▶ _Work request_: Return the data below exactly, but only from the line containing "Набор ковриков для" through the line containing "Elegant Handcrafted Juttis", with both of those lines included.

▶ _Information provided_:
* * *
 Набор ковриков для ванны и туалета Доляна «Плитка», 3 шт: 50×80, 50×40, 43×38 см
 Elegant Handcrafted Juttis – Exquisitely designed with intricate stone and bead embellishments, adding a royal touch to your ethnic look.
* * *
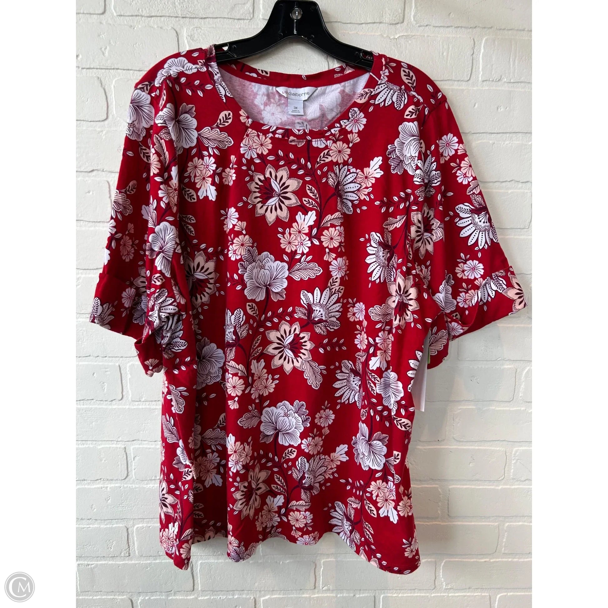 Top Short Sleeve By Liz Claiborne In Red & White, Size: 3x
* * *
▶ _Expected answer_:
 Набор ковриков для ванны и туалета Доляна «Плитка», 3 шт: 50×80, 50×40, 43×38 см
 Elegant Handcrafted Juttis – Exquisitely designed with intricate stone and bead embellishments, adding a royal touch to your ethnic look.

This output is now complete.